PFD Operation
4-8 SkyView HDX Pilot’s User Guide – Revision B
Flight Path Marker
The flight path marker as shown in Figure 34 is an icon that is superimposed on
the PFD. It depicts the actual trajectory that the aircraft is flying through space. In
contrast, the attitude indicator displays the direction that the aircraft is pointed.
The flight path marker is extremely helpful in correlating and distinguishing
between aircraft attitude and flight path, giving you a better understanding of
what the aircraft is doing. Given this, the marker can also be a valuable aide for
avoiding terrain when used with Synthetic Vision.
The flight path marker can be enabled or disabled through the setup menus. Reference the
SkyView Classic / SE / HDX System Installation Guide for information about this setting. To
calculate and display the Flight Path Marker, SkyView HDX requires an indicated airspeed that is
not zero or a GPS ground speed of more than 25 kts. The flight path marker also uses vertical
speed, magnetic heading, GPS ground speed and ground track to calculate its guidance.
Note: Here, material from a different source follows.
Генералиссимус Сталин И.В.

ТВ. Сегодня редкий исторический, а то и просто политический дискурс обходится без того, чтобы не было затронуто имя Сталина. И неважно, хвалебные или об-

The
flight path marker will not appear if any of these sources are unavailable.
Several examples of Flight Path Marker behavior:
• If the aircraft’s nose is pitched up, but the marker stays on the horizon, this indicates
that the aircraft is not climbing or descending. You will see this behavior during slow
flight.
• If the aircraft is neither climbing nor descending, the flight path marker will align with
the zero-pitch line. Many aircraft do not cruise at an exactly level attitude. In this case, it
is normal to have a slightly pitched up or pitched down attitude indication, even though
the flight path marker indicates the aircraft is indicating no vertical trajectory.
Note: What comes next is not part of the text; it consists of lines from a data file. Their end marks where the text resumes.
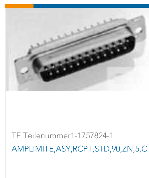
TE Teilenummer 1-1757824-1 AMPLIMITE, ASY, RCPT, STD, 90, ZN, 5, CT
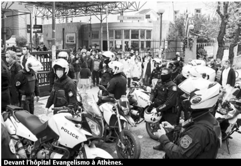
Devant l'hôpital Evangelismo à Athènes.
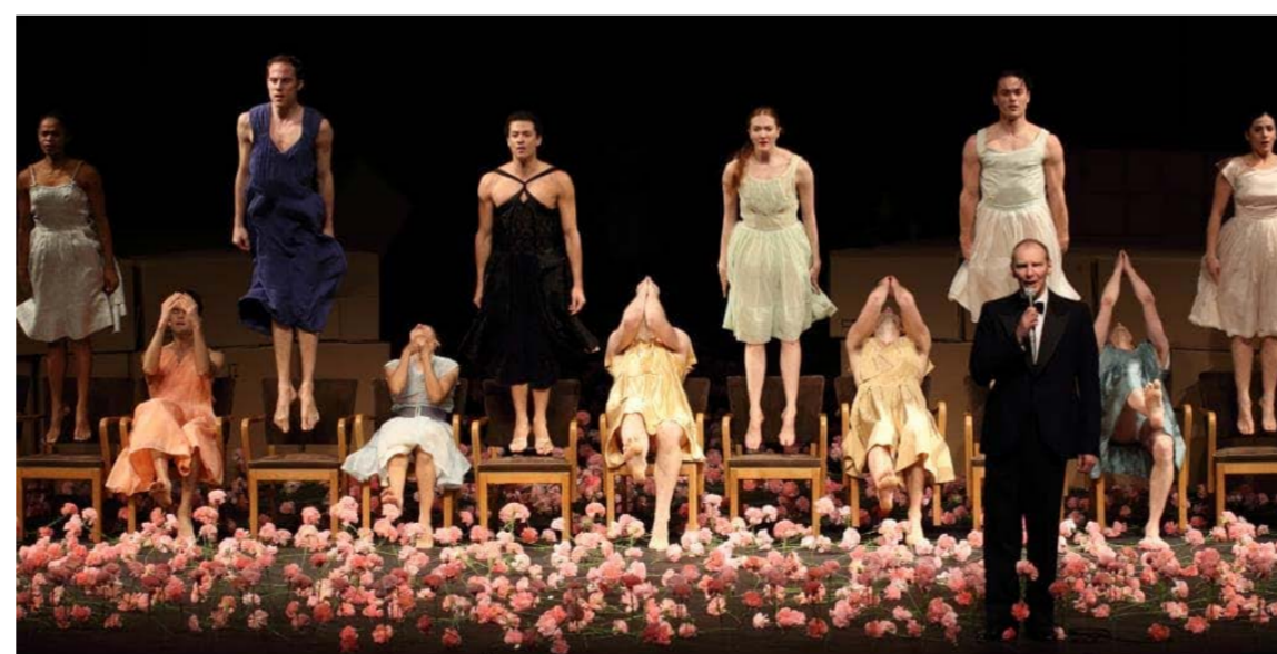
Adelaide Festival: Nelken by Tanztheater Wuppertal Pina Bausch. Tony Lewis. 2016

• If the marker is to the left or right of the attitude indicator’s aircraft symbol, this
indicates that the path over the ground is different than the direction the aircraft is
pointing. This depicts the effects of wind or a slip attitude.
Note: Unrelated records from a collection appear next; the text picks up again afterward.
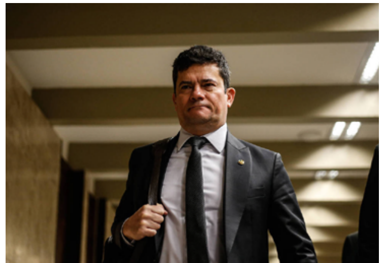
Sérgio Moro: mandato mantido na Justiça do Paraná

Quatro desembargadores seguiram o voto do relator Luciano Carrasco Falavinha Souza e entenderam que as acusações não procedem e que, por isso, Moro deve permanecer no cargo. Dois desembargadores votaram a favor da cassação.
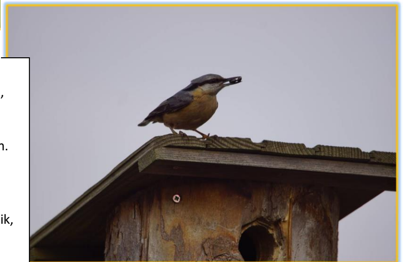
Zdjęcie 6 Kowalik

Na moim karmniku obserwuję kowalika często w okresie dokarmiania ptaków. Porusza się głową w dół. Kowalik objęty jest ścisłą ochroną gatunkową
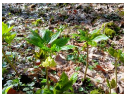
kyčelnice devítistá ( Dentaria enneaphyllos )

Náhledy z vybraných záznamů rostlin v regionu Křivoklátsko.

• If the aircraft is climbing out of a canyon and the marker is above the terrain ahead, this
indicates that the aircraft, at its current trajectory, will clear that terrain.
• If the aircraft is climbing out of a canyon and the marker is overlaid on the terrain
ahead, this indicates that the aircraft, at its current trajectory, will impact the terrain.
• If the marker is pointed at a runway threshold during an approach, that is where you will
be when you land if you keep the same approach path to the runway.
Altimeter
The altimeter is displayed on the right side of the PFD. It incorporates an altitude tape and
digital readout, Density Altitude (DA), barometer setting, and altitude bug. Figure 35 is an
example SkyView HDX altimeter.
The altitude tape displays 200 units above and below the current altitude digital readout. Each
tick represents 25 units, with every 50-unit tick drawn slightly longer to differentiate them.